Davalı; davanın reddini dilemiştir.
İlk derece mahkemesince davanın reddine ilişkin karara karşı davacı vekilince istinaf başvurusunda bulunmuştur.
İstanbul Bölge Adliye Mahkemesi 19. Hukuk Dairesince davacının istinaf başvurusunun davalı lehine hükmedilen nispi vekalet ücretine ilişkin kısmının kabulü ile ilk derece mahkemesi kararının kaldırılmasına, davanın reddine ve 20/12/2019 tarihli ek kararla davacının temyiz dilekçesinin reddine karar verilmiş; hüküm ve ek karar karar davacı vekili tarafından temyiz edilmiştir.
1- Her ne kadar İstanbul Bölge Adliye Mahkemesi 19. Hukuk Dairesi"nce temyize konu edilen kararın kesin olduğu ve HMK "nın 361/1 maddesinde belirtilen Bölge Adliye Mahkemesi Hukuk Dairelerinden verilen temyize kabil nihai kararlardan olmadığı gerekçesi ile davacının temyiz isteminin reddine karar verilmiş ise de, temyiz edilen kararın, nitelik ve değeri itibariyle HMK 362. maddesinde sayılan temyiz edilemeyen kararlardan olmadığının anlaşılmasına göre, istinaf mahkemesince davacının temyiz talebinin reddine dair karar hatalı bulunduğundan , İstanbul Bölge Adliye Mahkemesi 19. Hukuk Dairesi"nin davacının temyiz talebinin reddine ilişkin 20/12/2019 tarihli ek kararının kaldırılarak davacının temyiz talebinin esastan incelenmesi gerekmiştir.

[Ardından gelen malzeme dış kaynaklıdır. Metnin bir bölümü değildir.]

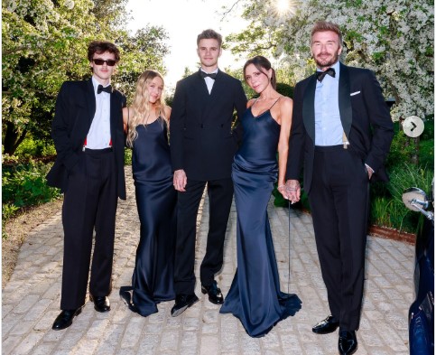 Викторија Бекам исто така ја следеше својата ќерка, избирајќи сатенски фустан, уште еднаш покажувајќи ја хармонијата и префинетиот вкус што го делат мајката и ќерката.

2-Tarafların karşılıklı iddia ve savunmalarına, uyuşmazlık bakımından uygulanması gereken hukuk kuralları ile temyiz olunan Bölge Adliye Mahkemesi kararında yazılı gerekçelere, hukuki ilişkinin nitelendirmesine göre davacının aşağıdaki bent dışında kalan sair temyiz itirazlarının reddine karar vermek gerekmiştir.
3 -Davacının, yemin deliline yönelik temyiz itirazlarına gelince ; Dava, satın alınan taşınmaz malın gizli ayıplı olduğu ileri sürülerek ayıpsız bir benzeriyle değiştirilmesi, bunun imkansız olduğunun anlaşılması halinde ise sözleşmeden dönülerek, ödenen satış bedeli ile taşınmaza yapılan masrafların tazmini istemine ilişkindir.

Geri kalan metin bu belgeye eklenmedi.